Richard West

Personal information
- Full name: Albert Richard West
- Born: 7 August 1920 Earl Shilton, Leicestershire, England
- Died: 8 June 1985 (aged 64) Earl Shilton, Leicestershire, England
- Batting: Left-handed
- Bowling: Slow left-arm orthodox

Domestic team information
- 1939: Leicestershire

Career statistics
| Competition | First-class |
| Matches | 3 |
| Runs scored | 50 |
| Batting average | 10.00 |
| 100s/50s | 0/0 |
| Top score | 22 |
| Balls bowled | 384 |
| Wickets | 2 |
| Bowling average | 102.50 |
| 5 wickets in innings | 0 |
| 10 wickets in match | 0 |
| Best bowling | 2/46 |
| Catches/stumpings | 1/– |
- Source: Cricinfo, 29 February 2012

= Richard West (cricketer, born 1920) =

English cricketer (1920–1985)

Albert Richard West (7 November 1920 – 8 June 1985) was an English cricketer. West was a left-handed batsman who bowled slow left-arm orthodox. He was born at Earl Shilton, Leicestershire.

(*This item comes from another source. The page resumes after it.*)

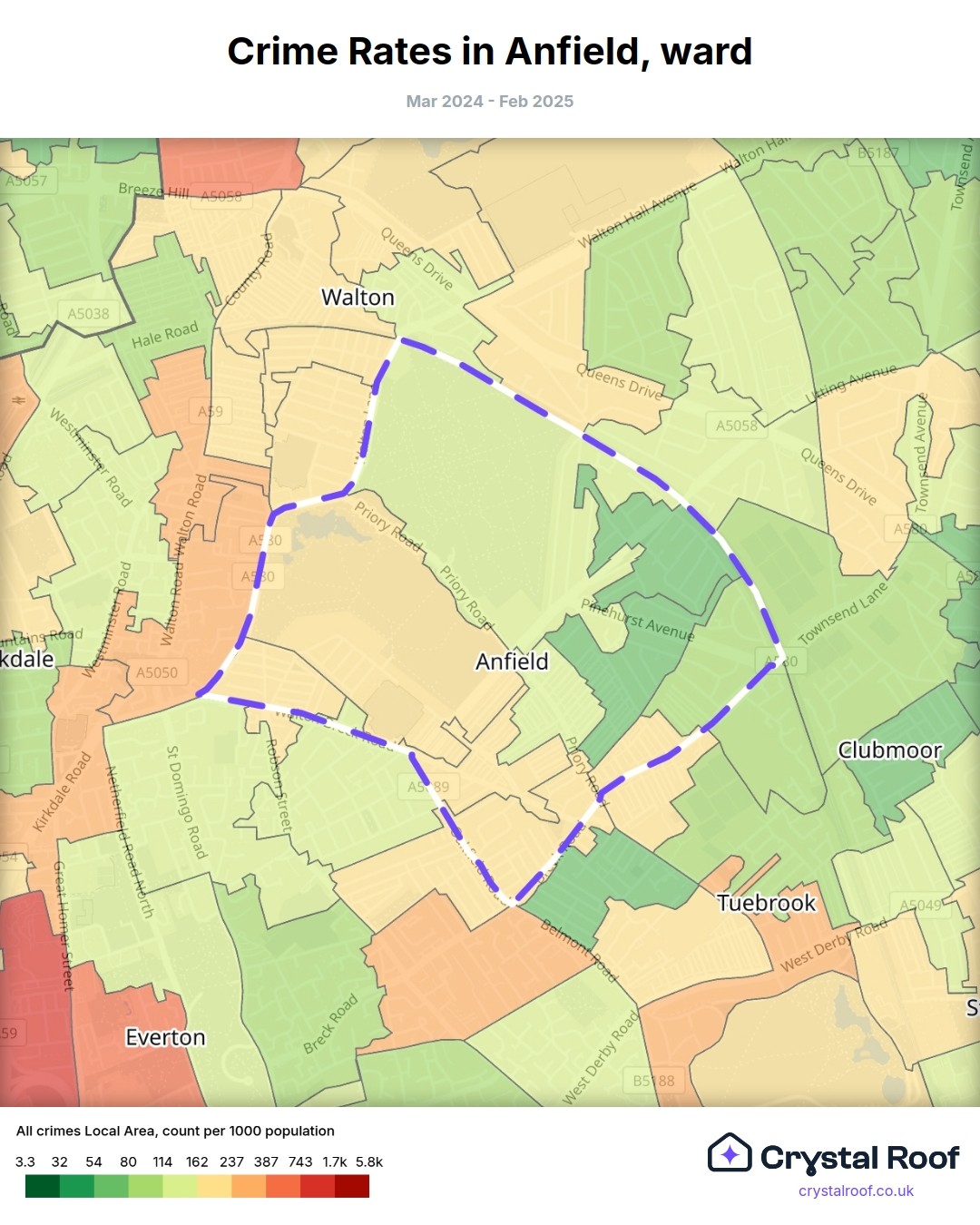 Anfield, (ward) includes areas with the following crime ratings (see map):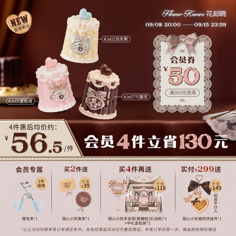 【无门槛9折消费券后62.1,可叠美妆惊喜券,会员加赠平头眼影刷,买3赠九周年气垫梳】可使用店铺300-50会员券,叠加200-20消费券,满4件,均价51.5/件,会员专属两件加赠睫毛夹*1+甜心小熊发夹*1,买4件再送甜心小熊手拿镜(焦糖棕/奶油粉)*1+中礼盒包装*1,实付满299送甜心小熊蜜粉饼挂件*1

West made his first-class debut for Leicestershire against Oxford University in 1939 at the University Parks. He made two further first-class appearances for Leicestershire in the 1939 County Championship, against Hampshire at the County Ground, Southampton, and Sussex at the Central Recreation Ground, Hastings. He scored 50 runs in his three first-class appearances, which came at an average of 10.00, with a high score of 22. With the ball, he took 2 wickets at an expensive bowling average of 102.50, with best figures of 2/46.

He died at the place of his birth on 8 June 1985.